=== Begin Enclosure ===

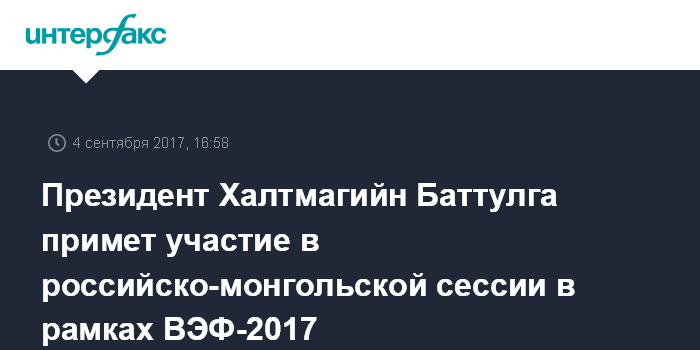 Президент Халтмагийн Баттулга примет участие в российско-монгольской сессии в рамках ВЭФ-2017
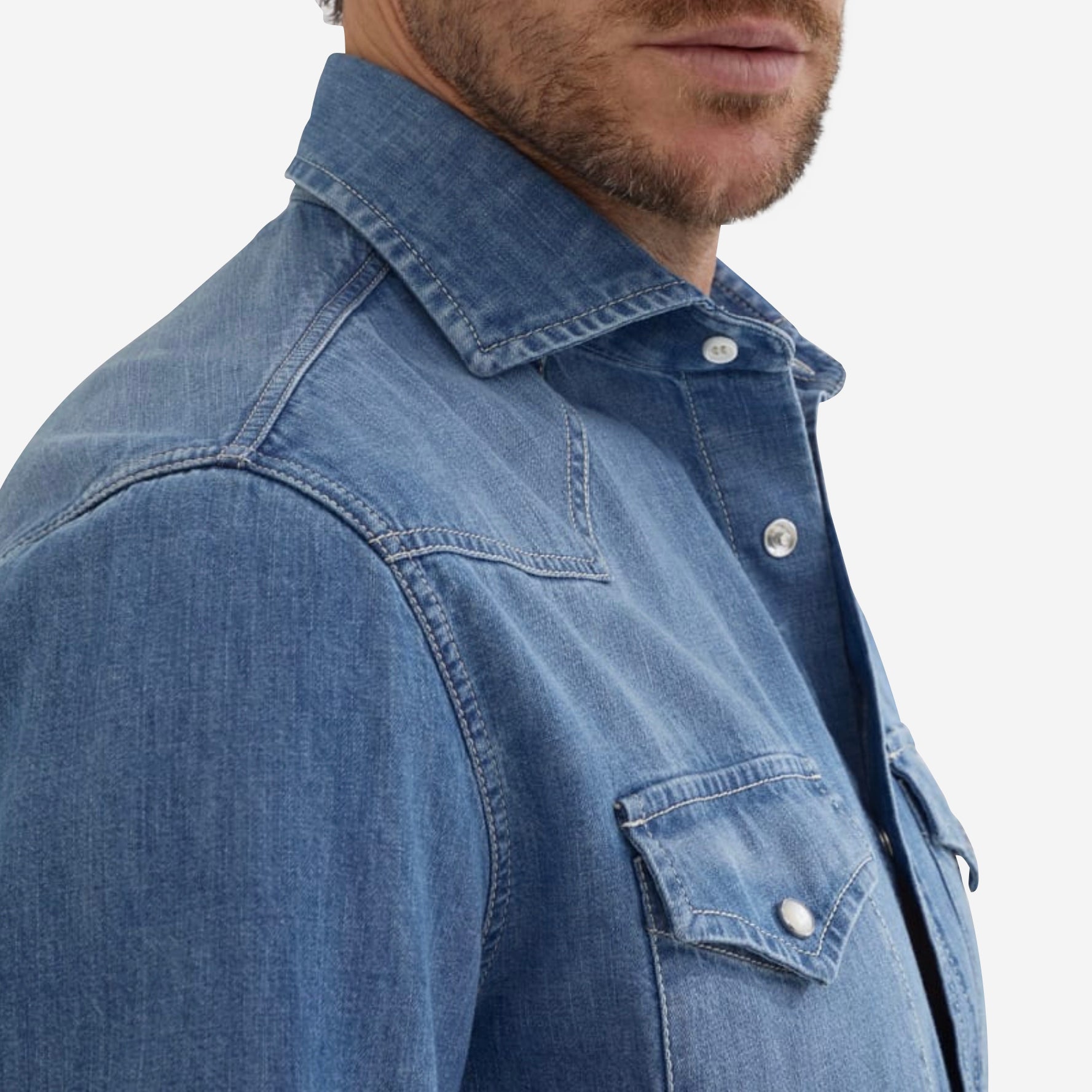 Brunello Cucinelli Lightweight Denim Easy Fit Western Shirt
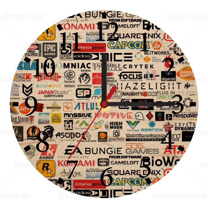 Video Game Studio Logos, Ρολόι τοίχου ξύλινο plywood (20cm)
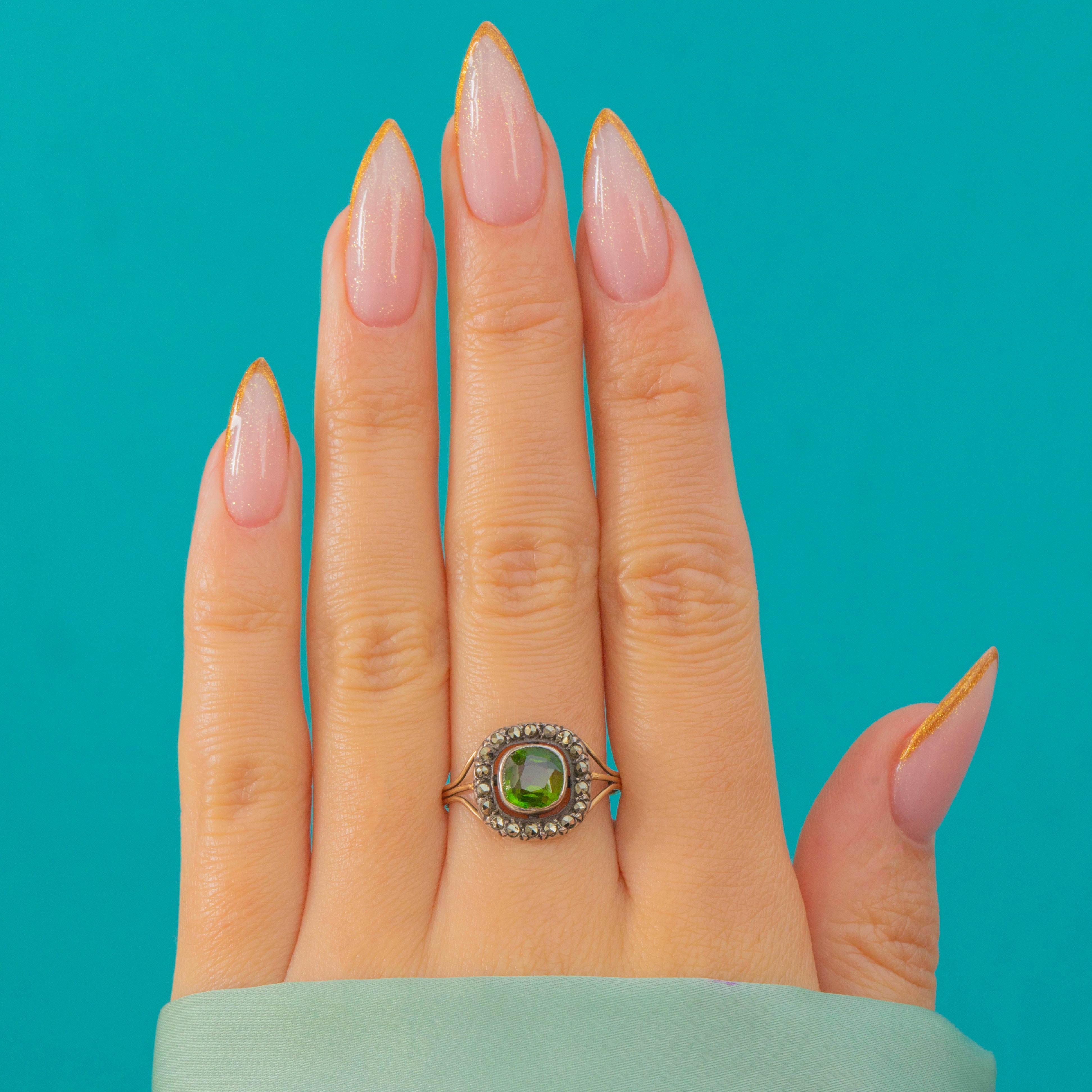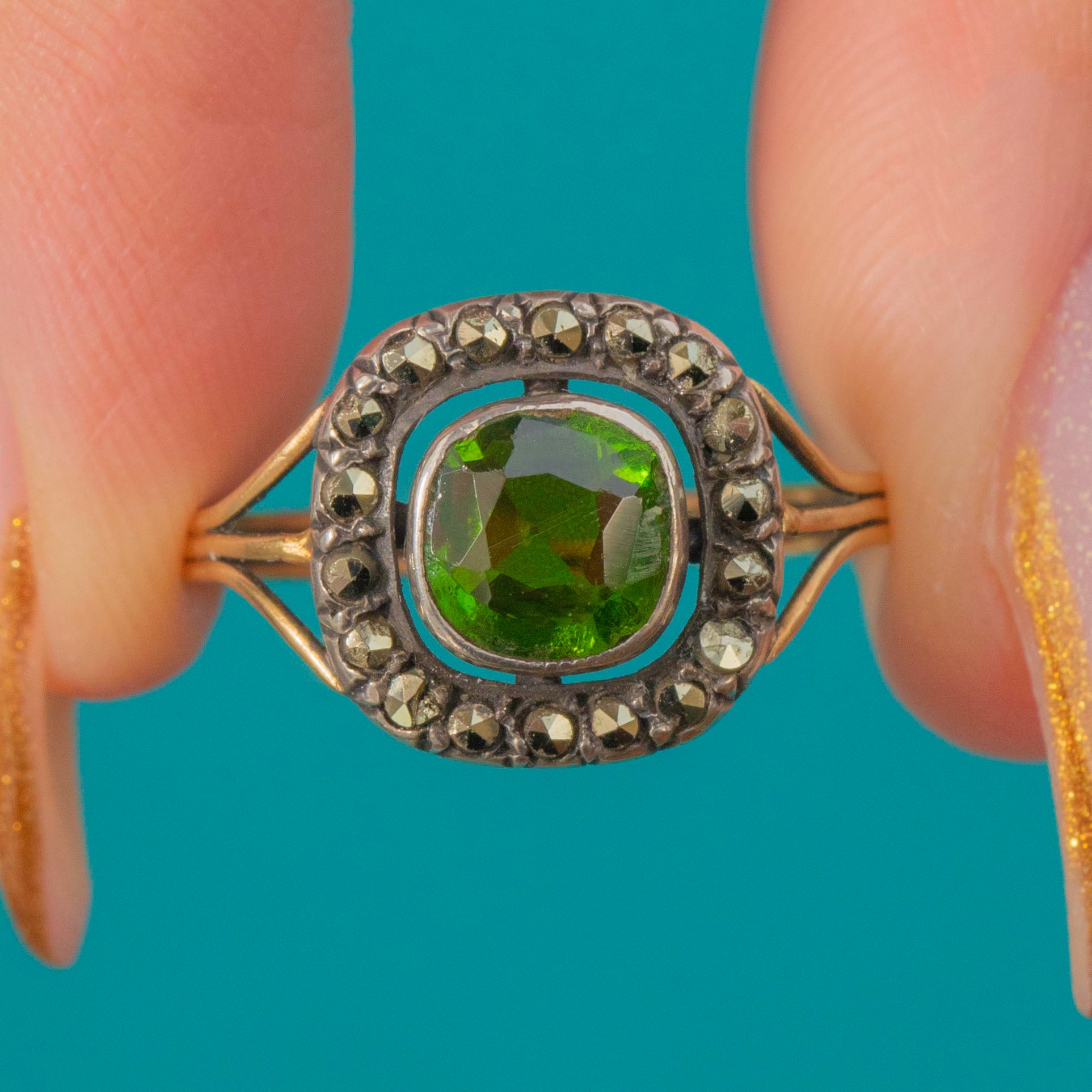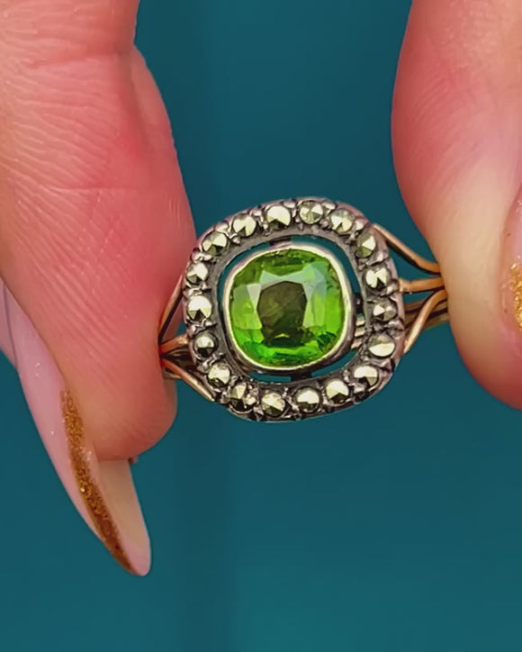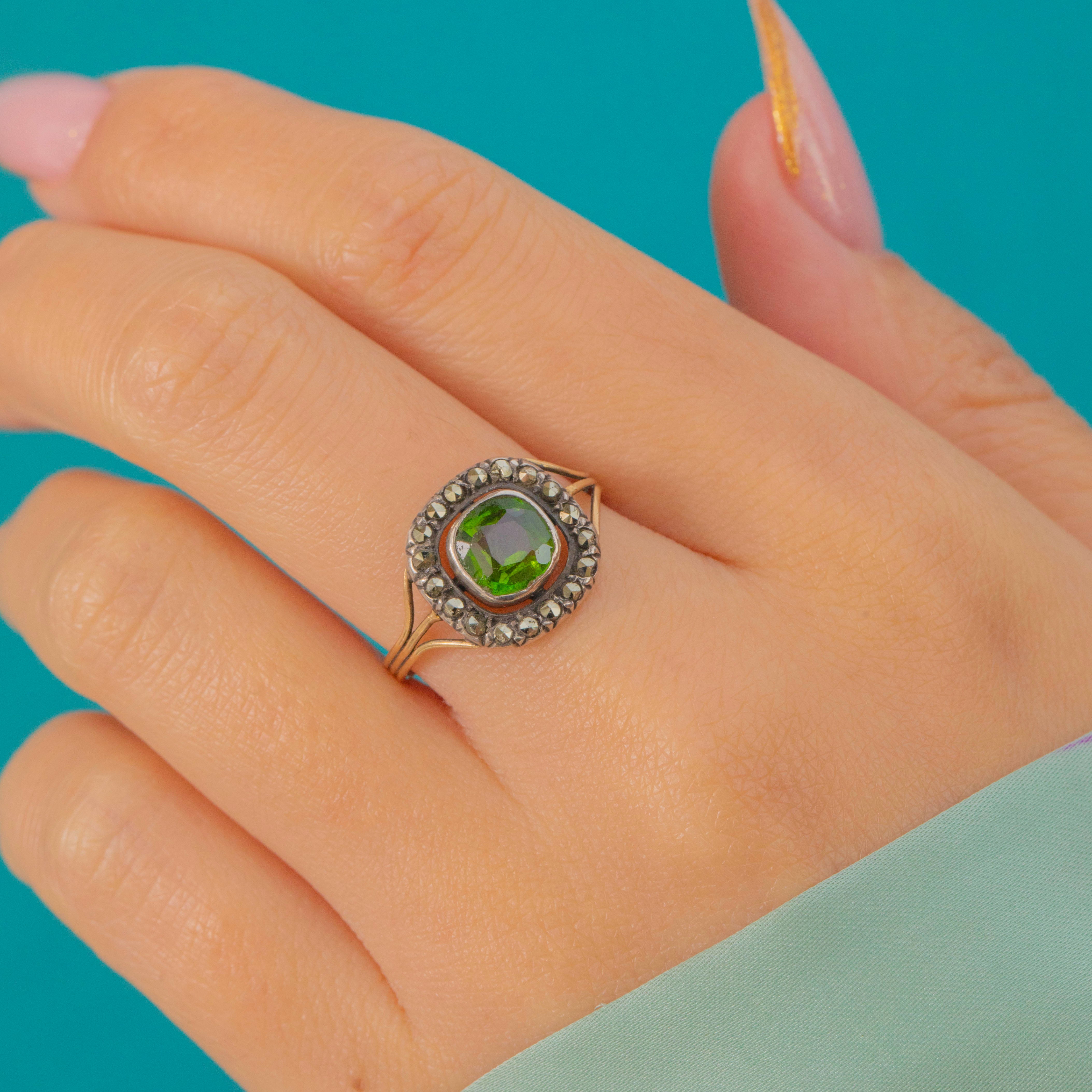 A rare and elegant 19th-century French cluster ring, handcrafted in rich 18ct Gold and set with a vivid Green Paste centre surrounded by a halo of sparkling Marcasite.

=== End Enclosure ===

▶ EXERCISE: The full listing, transcribed exactly and without its pictures, is the expected result.

▶ RESPONSE AREA:
 Президент Халтмагийн Баттулга примет участие в российско-монгольской сессии в рамках ВЭФ-2017
 Brunello Cucinelli Lightweight Denim Easy Fit Western Shirt
 Video Game Studio Logos, Ρολόι τοίχου ξύλινο plywood (20cm)
 A rare and elegant 19th-century French cluster ring, handcrafted in rich 18ct Gold and set with a vivid Green Paste centre surrounded by a halo of sparkling Marcasite.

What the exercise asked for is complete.